- _Collected data_

****************************************

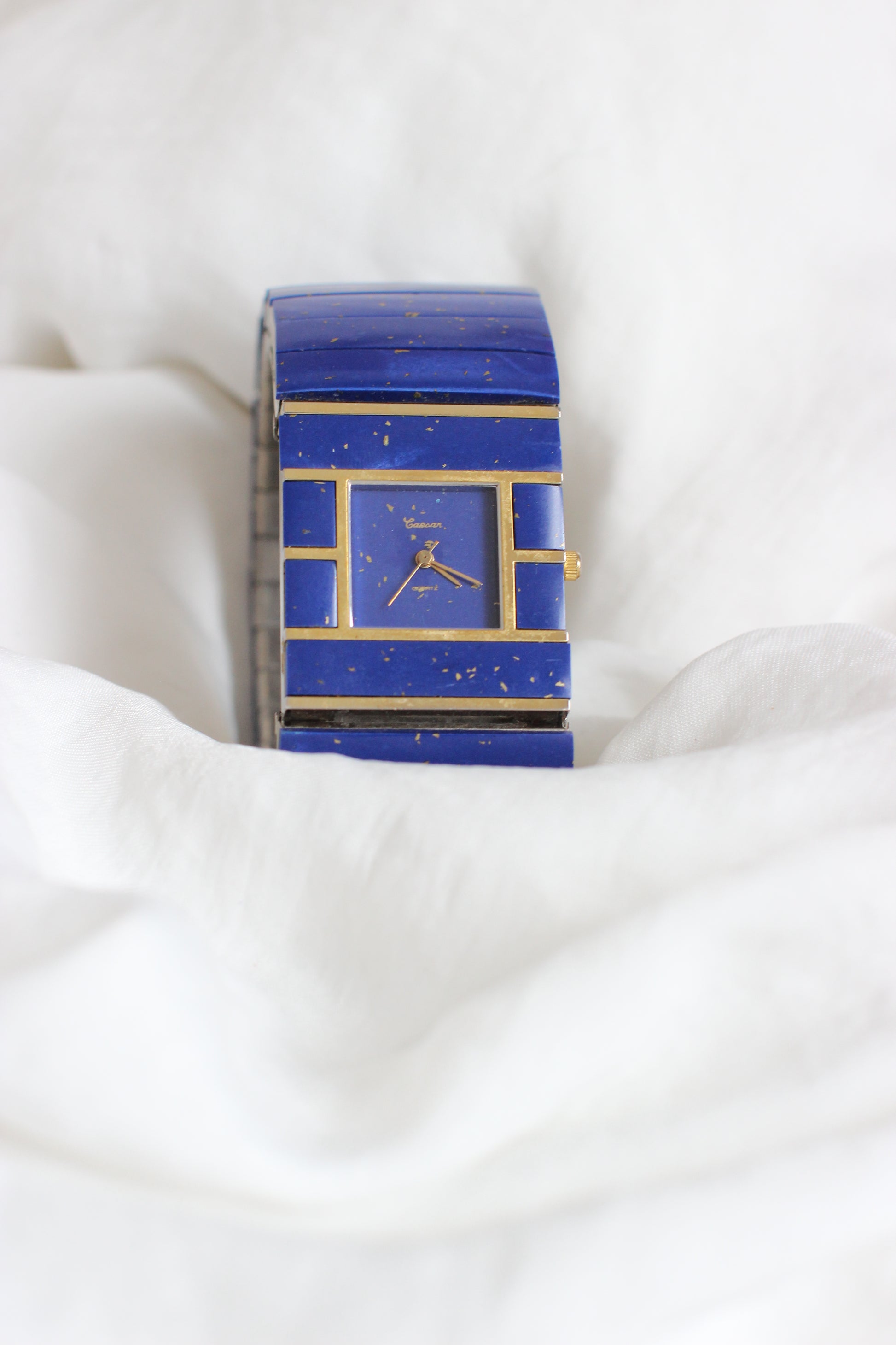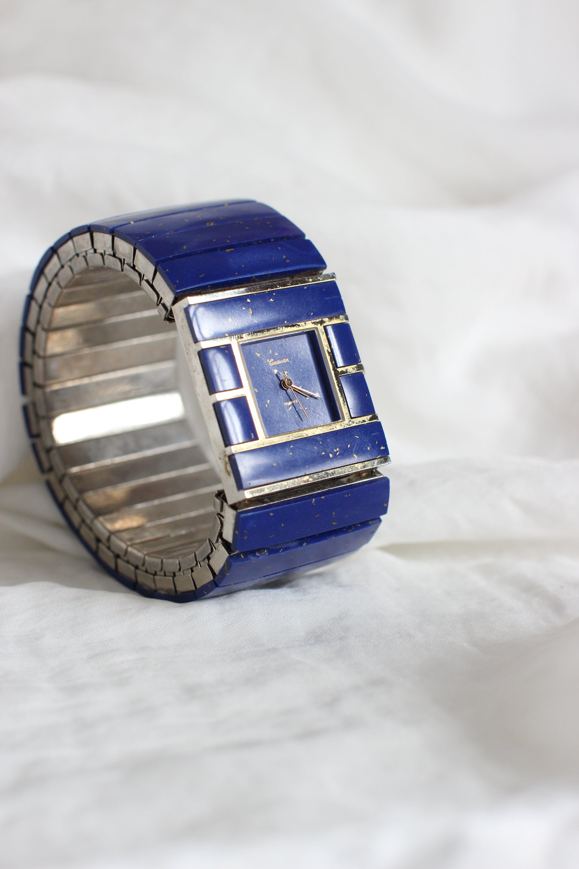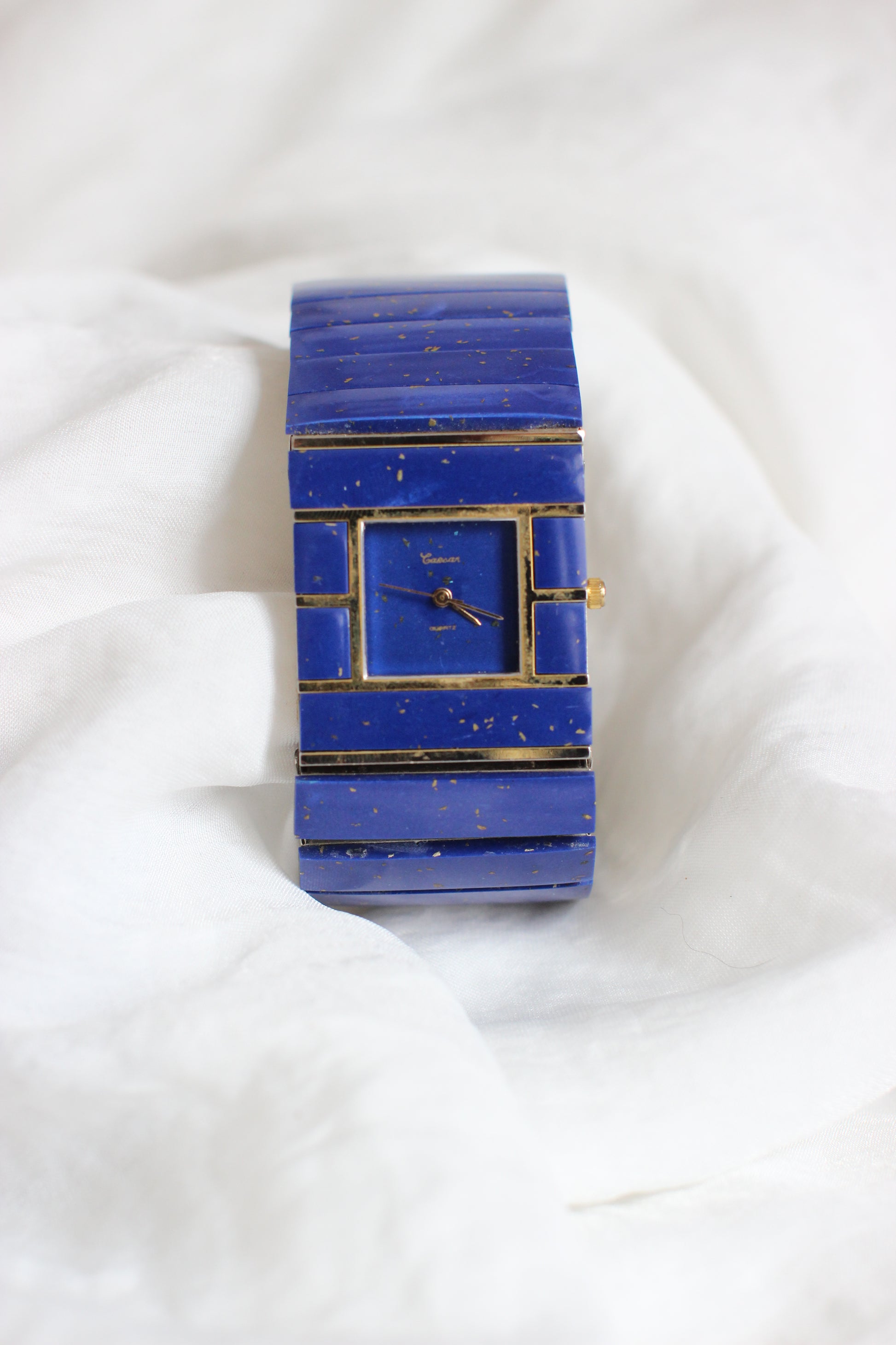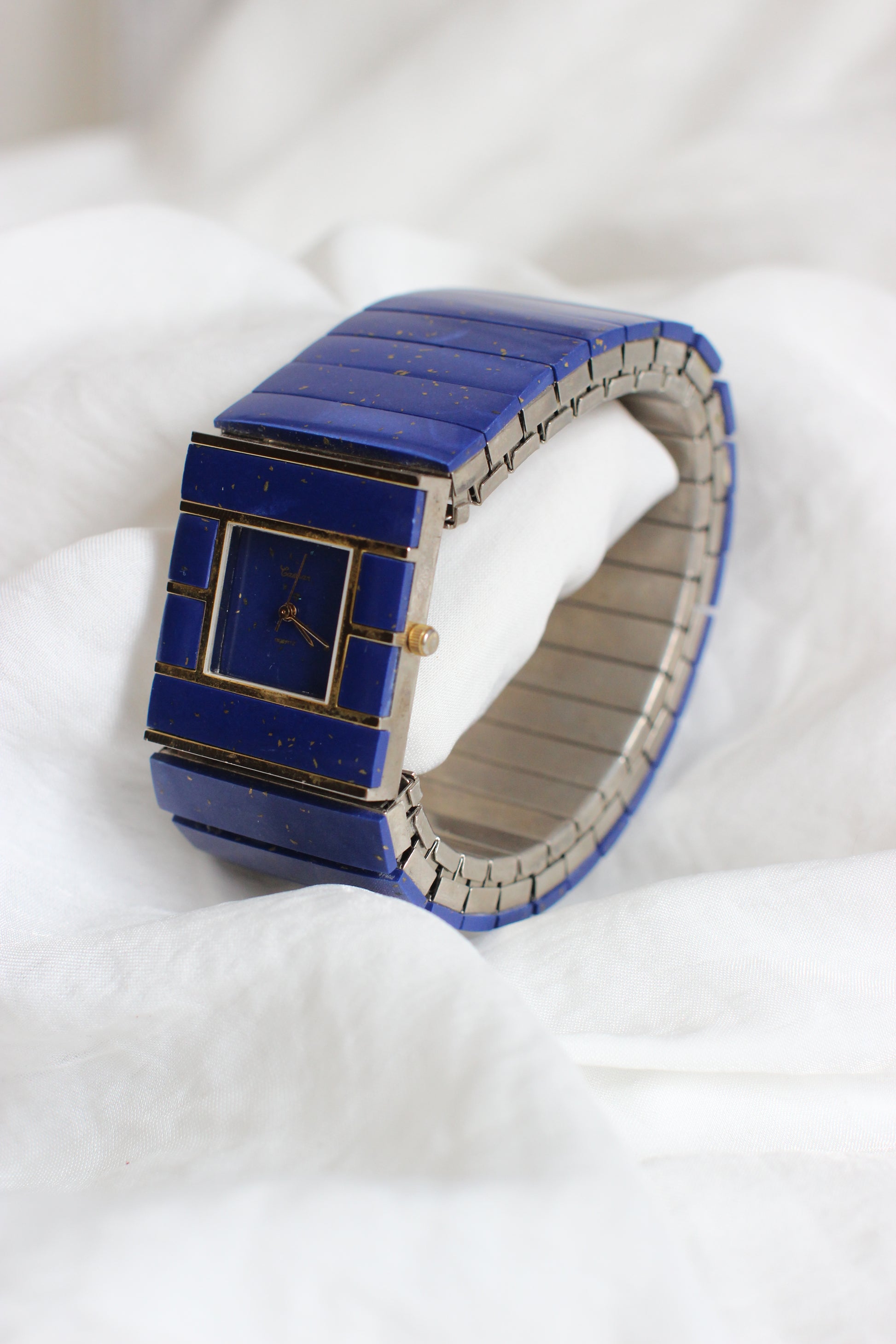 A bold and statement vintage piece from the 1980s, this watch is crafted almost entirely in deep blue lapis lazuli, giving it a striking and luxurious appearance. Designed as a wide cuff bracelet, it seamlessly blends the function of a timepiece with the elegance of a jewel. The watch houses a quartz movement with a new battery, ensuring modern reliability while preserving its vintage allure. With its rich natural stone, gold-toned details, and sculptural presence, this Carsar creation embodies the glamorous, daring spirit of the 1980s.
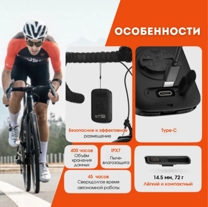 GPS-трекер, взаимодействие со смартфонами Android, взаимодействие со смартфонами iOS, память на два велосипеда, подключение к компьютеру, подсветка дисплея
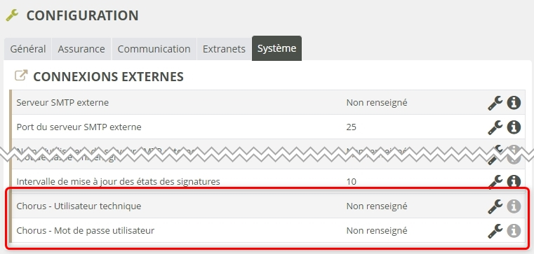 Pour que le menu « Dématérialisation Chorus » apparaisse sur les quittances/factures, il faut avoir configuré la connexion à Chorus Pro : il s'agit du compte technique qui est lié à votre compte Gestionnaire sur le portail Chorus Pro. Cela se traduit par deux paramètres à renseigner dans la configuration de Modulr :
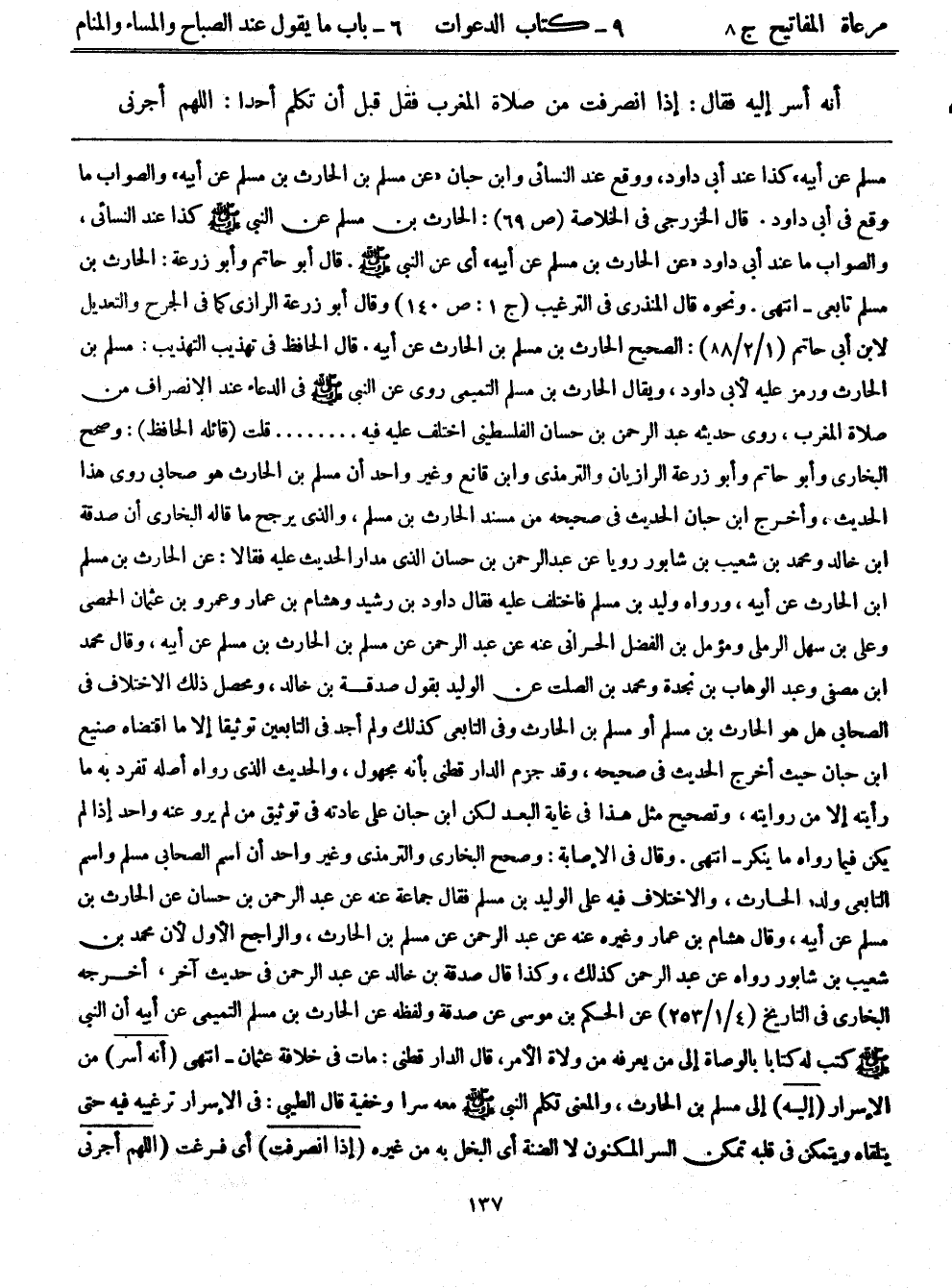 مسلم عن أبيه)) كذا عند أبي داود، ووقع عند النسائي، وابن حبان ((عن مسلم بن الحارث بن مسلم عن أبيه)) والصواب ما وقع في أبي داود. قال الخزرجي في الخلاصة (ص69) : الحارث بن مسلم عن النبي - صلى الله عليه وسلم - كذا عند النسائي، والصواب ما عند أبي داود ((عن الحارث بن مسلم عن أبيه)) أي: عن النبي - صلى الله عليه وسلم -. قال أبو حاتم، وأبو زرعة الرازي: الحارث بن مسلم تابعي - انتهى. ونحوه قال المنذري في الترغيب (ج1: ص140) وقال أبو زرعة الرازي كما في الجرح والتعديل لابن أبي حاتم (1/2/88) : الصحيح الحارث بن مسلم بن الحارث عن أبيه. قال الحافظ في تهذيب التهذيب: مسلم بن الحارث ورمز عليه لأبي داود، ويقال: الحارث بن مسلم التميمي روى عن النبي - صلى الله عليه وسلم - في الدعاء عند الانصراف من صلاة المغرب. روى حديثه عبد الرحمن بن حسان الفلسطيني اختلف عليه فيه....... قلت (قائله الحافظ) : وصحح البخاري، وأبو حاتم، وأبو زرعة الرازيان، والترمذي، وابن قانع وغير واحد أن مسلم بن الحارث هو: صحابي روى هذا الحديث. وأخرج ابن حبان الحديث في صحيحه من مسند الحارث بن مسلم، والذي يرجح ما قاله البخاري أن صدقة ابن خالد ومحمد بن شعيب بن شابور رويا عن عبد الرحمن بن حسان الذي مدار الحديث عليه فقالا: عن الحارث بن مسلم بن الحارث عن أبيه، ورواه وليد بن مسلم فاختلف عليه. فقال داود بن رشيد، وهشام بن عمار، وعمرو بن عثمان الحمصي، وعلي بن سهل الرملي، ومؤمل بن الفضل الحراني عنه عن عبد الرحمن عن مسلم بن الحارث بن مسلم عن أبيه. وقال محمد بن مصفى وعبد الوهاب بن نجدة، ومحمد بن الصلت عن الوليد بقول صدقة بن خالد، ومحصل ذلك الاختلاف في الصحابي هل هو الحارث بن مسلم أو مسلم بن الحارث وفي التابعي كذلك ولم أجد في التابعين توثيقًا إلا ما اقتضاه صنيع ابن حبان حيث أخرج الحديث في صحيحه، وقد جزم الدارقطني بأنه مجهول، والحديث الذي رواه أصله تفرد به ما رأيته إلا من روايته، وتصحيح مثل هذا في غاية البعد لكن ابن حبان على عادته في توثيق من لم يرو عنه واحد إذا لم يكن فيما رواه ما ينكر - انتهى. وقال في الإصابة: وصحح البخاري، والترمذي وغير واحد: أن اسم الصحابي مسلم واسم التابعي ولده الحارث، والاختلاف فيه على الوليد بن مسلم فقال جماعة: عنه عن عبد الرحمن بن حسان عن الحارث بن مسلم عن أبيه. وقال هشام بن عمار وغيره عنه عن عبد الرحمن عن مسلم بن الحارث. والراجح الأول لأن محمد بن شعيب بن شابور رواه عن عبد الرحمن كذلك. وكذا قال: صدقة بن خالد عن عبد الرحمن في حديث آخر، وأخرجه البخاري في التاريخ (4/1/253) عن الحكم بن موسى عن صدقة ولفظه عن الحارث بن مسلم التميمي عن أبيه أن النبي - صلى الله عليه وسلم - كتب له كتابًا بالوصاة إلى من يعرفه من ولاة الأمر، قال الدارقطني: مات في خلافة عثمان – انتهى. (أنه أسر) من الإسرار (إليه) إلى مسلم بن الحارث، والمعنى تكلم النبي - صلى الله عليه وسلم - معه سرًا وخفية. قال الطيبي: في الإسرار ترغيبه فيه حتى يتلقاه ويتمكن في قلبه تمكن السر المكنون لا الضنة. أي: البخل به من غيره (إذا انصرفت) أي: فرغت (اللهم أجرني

****************************************

- _Aim of the exercise_
The listing above is to be set down word for word, without its images.

- _Reply_
 A bold and statement vintage piece from the 1980s, this watch is crafted almost entirely in deep blue lapis lazuli, giving it a striking and luxurious appearance. Designed as a wide cuff bracelet, it seamlessly blends the function of a timepiece with the elegance of a jewel. The watch houses a quartz movement with a new battery, ensuring modern reliability while preserving its vintage allure. With its rich natural stone, gold-toned details, and sculptural presence, this Carsar creation embodies the glamorous, daring spirit of the 1980s.
 GPS-трекер, взаимодействие со смартфонами Android, взаимодействие со смартфонами iOS, память на два велосипеда, подключение к компьютеру, подсветка дисплея
 Pour que le menu « Dématérialisation Chorus » apparaisse sur les quittances/factures, il faut avoir configuré la connexion à Chorus Pro : il s'agit du compte technique qui est lié à votre compte Gestionnaire sur le portail Chorus Pro. Cela se traduit par deux paramètres à renseigner dans la configuration de Modulr :
 مسلم عن أبيه)) كذا عند أبي داود، ووقع عند النسائي، وابن حبان ((عن مسلم بن الحارث بن مسلم عن أبيه)) والصواب ما وقع في أبي داود. قال الخزرجي في الخلاصة (ص69) : الحارث بن مسلم عن النبي - صلى الله عليه وسلم - كذا عند النسائي، والصواب ما عند أبي داود ((عن الحارث بن مسلم عن أبيه)) أي: عن النبي - صلى الله عليه وسلم -. قال أبو حاتم، وأبو زرعة الرازي: الحارث بن مسلم تابعي - انتهى. ونحوه قال المنذري في الترغيب (ج1: ص140) وقال أبو زرعة الرازي كما في الجرح والتعديل لابن أبي حاتم (1/2/88) : الصحيح الحارث بن مسلم بن الحارث عن أبيه. قال الحافظ في تهذيب التهذيب: مسلم بن الحارث ورمز عليه لأبي داود، ويقال: الحارث بن مسلم التميمي روى عن النبي - صلى الله عليه وسلم - في الدعاء عند الانصراف من صلاة المغرب. روى حديثه عبد الرحمن بن حسان الفلسطيني اختلف عليه فيه....... قلت (قائله الحافظ) : وصحح البخاري، وأبو حاتم، وأبو زرعة الرازيان، والترمذي، وابن قانع وغير واحد أن مسلم بن الحارث هو: صحابي روى هذا الحديث. وأخرج ابن حبان الحديث في صحيحه من مسند الحارث بن مسلم، والذي يرجح ما قاله البخاري أن صدقة ابن خالد ومحمد بن شعيب بن شابور رويا عن عبد الرحمن بن حسان الذي مدار الحديث عليه فقالا: عن الحارث بن مسلم بن الحارث عن أبيه، ورواه وليد بن مسلم فاختلف عليه. فقال داود بن رشيد، وهشام بن عمار، وعمرو بن عثمان الحمصي، وعلي بن سهل الرملي، ومؤمل بن الفضل الحراني عنه عن عبد الرحمن عن مسلم بن الحارث بن مسلم عن أبيه. وقال محمد بن مصفى وعبد الوهاب بن نجدة، ومحمد بن الصلت عن الوليد بقول صدقة بن خالد، ومحصل ذلك الاختلاف في الصحابي هل هو الحارث بن مسلم أو مسلم بن الحارث وفي التابعي كذلك ولم أجد في التابعين توثيقًا إلا ما اقتضاه صنيع ابن حبان حيث أخرج الحديث في صحيحه، وقد جزم الدارقطني بأنه مجهول، والحديث الذي رواه أصله تفرد به ما رأيته إلا من روايته، وتصحيح مثل هذا في غاية البعد لكن ابن حبان على عادته في توثيق من لم يرو عنه واحد إذا لم يكن فيما رواه ما ينكر - انتهى. وقال في الإصابة: وصحح البخاري، والترمذي وغير واحد: أن اسم الصحابي مسلم واسم التابعي ولده الحارث، والاختلاف فيه على الوليد بن مسلم فقال جماعة: عنه عن عبد الرحمن بن حسان عن الحارث بن مسلم عن أبيه. وقال هشام بن عمار وغيره عنه عن عبد الرحمن عن مسلم بن الحارث. والراجح الأول لأن محمد بن شعيب بن شابور رواه عن عبد الرحمن كذلك. وكذا قال: صدقة بن خالد عن عبد الرحمن في حديث آخر، وأخرجه البخاري في التاريخ (4/1/253) عن الحكم بن موسى عن صدقة ولفظه عن الحارث بن مسلم التميمي عن أبيه أن النبي - صلى الله عليه وسلم - كتب له كتابًا بالوصاة إلى من يعرفه من ولاة الأمر، قال الدارقطني: مات في خلافة عثمان – انتهى. (أنه أسر) من الإسرار (إليه) إلى مسلم بن الحارث، والمعنى تكلم النبي - صلى الله عليه وسلم - معه سرًا وخفية. قال الطيبي: في الإسرار ترغيبه فيه حتى يتلقاه ويتمكن في قلبه تمكن السر المكنون لا الضنة. أي: البخل به من غيره (إذا انصرفت) أي: فرغت (اللهم أجرني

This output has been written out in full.